Niemal co druga Polka (44 proc.) wybiera cesarskie cięcie. – Więcej porodów zakończonych drogą operacyjną jest tylko w Turcji, Meksyku, Chile i Korei – powiedział podczas audycji „Czas dla zdrowia” profesor Wojciech Rokita, wojewódzki konsultant ds. ginekologii i położnictwa. Powodów takiego rozwiązania jest wiele. To m.in. olbrzymia presja społeczna, nie tylko pacjentek, ale ich rodzin.
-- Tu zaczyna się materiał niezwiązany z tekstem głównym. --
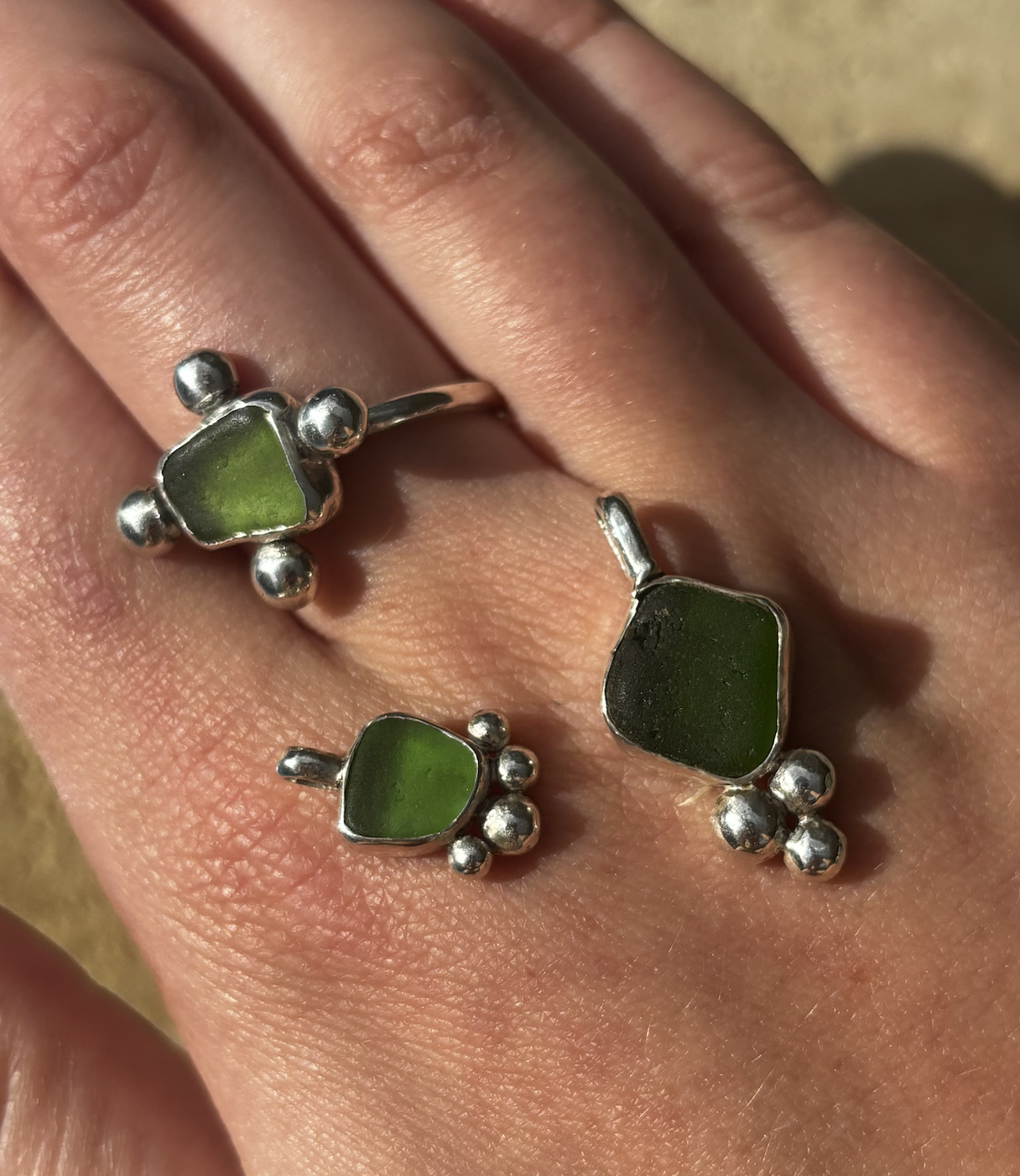 I began silversmithing as a high school project and have carried that interest with me ever since, recently returning to the practice with a renewed focus. Living by the coast, I often draw from my surroundings, sourcing sea glass from my local back beach and allowing place and material to guide each piece.

Tymczasem wiele osób nie zdaje sobie sprawy, że cesarskie cięcie, to poważna operacja. Bezpieczna dla pacjentki, ale jednak operacja, podczas której przecinane są wszystkie powłoki brzuszne pacjentki. Kobieta, która rodziła siłami natury w zasadzie w kilka godzin po porodzie może wstać i normalnie funkcjonować, natomiast okres rekonwalescencji u pań, które rodziły przez cesarskie cięcie czasami wynosi nawet kilka tygodni.
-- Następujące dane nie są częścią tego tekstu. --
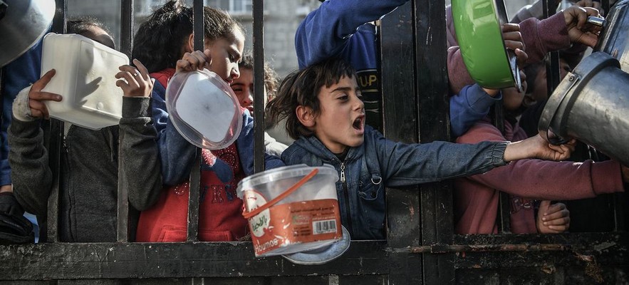 Des enfants attendent de recevoir de la nourriture dans la ville de Rafah, au sud de Gaza.

Oczywiście, jak podkreślił prof. Wojciech Rokita, są kobiety, u których istnieją wskazania do rozwiązania ciąży przez tzw. cesarkę. Są to wskazania położnicze i poza położnicze. Te pierwsze wynikają ze stanu ogólnego pacjentki w ciąży i powikłań związanych z ciążą oraz związane z samym płodem (jego wielkością, położeniem, współistniejącymi chorobami u płodu, które możemy diagnozować na etapie już prenatalnym, czyli w czasie ciąży). Natomiast wskazania poza położnicze do rozwiązania ciąży poprzez cesarskie cięcie wynikają z istnienia u ciężarnej chorób współistniejących. To duża grupa chorób oczu, czy układu kostno-stawowego.